Queensland Uni annual reports: the omens aren’t auspicious

The second tranche of Queensland university annual reports for 2022 is tabled in the Queensland Parliament.*

They are not awash with good news for this and coming years, unless domestic demand recovers all of a sudden and warnings about decline in enrolments from India turn out to be misplaced.

QUT student numbers up, a bit. Total enrolments were up year on year by just under 2,000 to 52,073, due to a nearly 3,000 lift in international numbers to 9,820 – domestic enrolments declined by nearly 1,000. The increase in internationals shows in the bottom line, with on-shore fee income up $67m on 2022. Staff numbers were stable, but costs were up $52m, to $660m, which the university attributes to a 1.2 per cent overall FTE increase and higher wage costs, due to increases in the recent enterprise bargaining round.
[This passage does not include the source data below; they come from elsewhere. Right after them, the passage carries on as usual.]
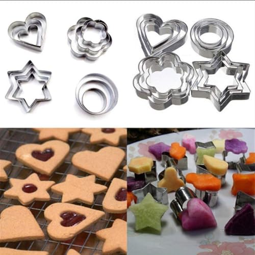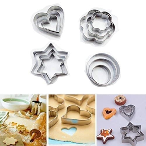 VDNSI - 12 قالب تقطيع من الستانلس ستيل لعمل المخبوزات والبسكويت والمعجنات والكيك والمافن باشكال وردة ودائرة وقلب ونجمة من فيدينسي (فضي)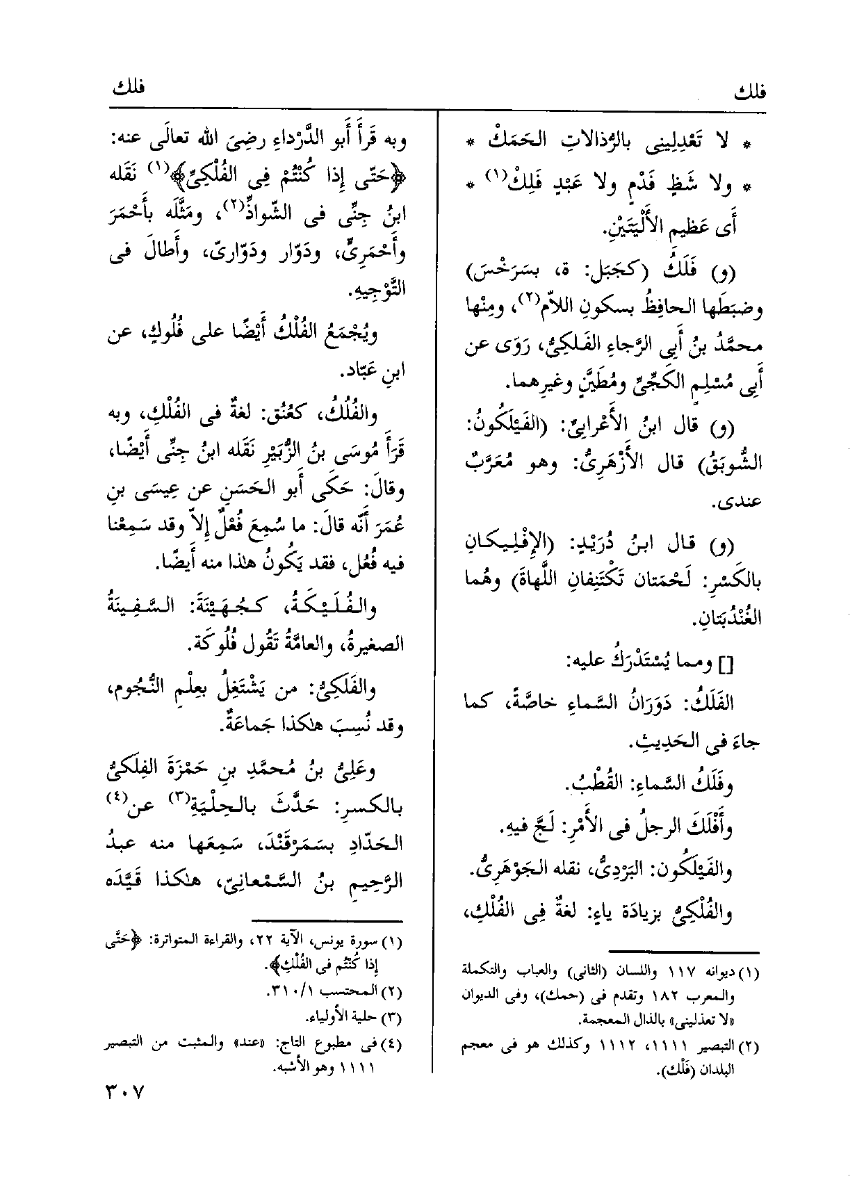 والفُلْكِي بزيادَة ياءٍ: لغةٌ فِي الفُلْكِ، وَبِه قَرأَ أَبو الدَّرْداءِ رَضِي الله تعالَى عَنهُ: حَتّى إِذا كُنْتُم فِي الفُلْكِي نَقَله ابنُ جِنِّي فِي الشّواذِّ، ومَثَّلَه بأَحْمَرَ وأَحْمَرِي، ودَوّار ودَوّاريّ، وأَطالَ فِي التَّوْجِيهِ. ويُجْمَعُ الفُلْكُ أَيْضًا على فُلُوكٍ، عَن ابنِ عَبّاد. والفُلُكُ، كعُنُق: لغةٌ فِي الفُلْكِ، وَبِه قَرَأَ مُوسَى بنُ الزّبَيرِ نَقَله ابنُ جِنِّي أَيْضًا، وقالَ: حَكَى أَبو الحَسَنِ عَن عِيسَى بنِ عُمَرَ أَنّه قالَ: مَا سُمِعَ فُعْلٌ إِلاّ وَقد سَمِعْنا فِيهِ فُعل، فقد يَكُونُ هَذَا مِنْهُ أَيضًا. والفُلَيكَةُ، كجُهَينَةَ: السَّفِينَةُ الصغيرةُ، والعامَّةُ تَقُول فُلُوكَة. والفَلَكِي: من يَشْتَغِلُ بعِلْمِ النّجُوم، وَقد نُسِبَ هَكَذَا جَماعَةٌ. وعَلِيّ بنُ مُحمَّدِ بنِ حَمْزَةَ الفِلَكي بالكسرِ: حَدَّثَ بالحِلْيَةِ عَن الحَدّادِ بسَمَرقَنْدَ، سَمِعَها مِنْهُ عبدُ الرَحِيمِ بنُ السَّمْعانِي، هَكَذَا قَيَّدَه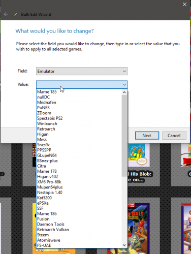 Correct, you would use the bulk edit tool to change the emulator. In Mame you would press the Tab key which brings up a menu which you can configure general controls which would be the default for all games and then you can configure controls on a per game basis. That would be up to you, there is no right or wrong way, just which way you prefer. Personally I just have the big collection and games favourited which are at the top. Probably not the best way but works for me. -

All up, QUT revenue and income was $1.188bn (up $184m) against expenses of $1.209bn (up $73m) for a net loss of $20.89m, compared to a net loss of $130m in 2022. The improved result was largely driven by strong returns on investments with the State Government’s Queensland Investment Corporation. 

However, the University also reports changing its underlying result calculation to exclude significant items, such as realised investment gains not used to fund core operations. On this basis, there was an operating loss of $86.9m or 7.9 per cent. (These numbers are not in the audited financial statements). 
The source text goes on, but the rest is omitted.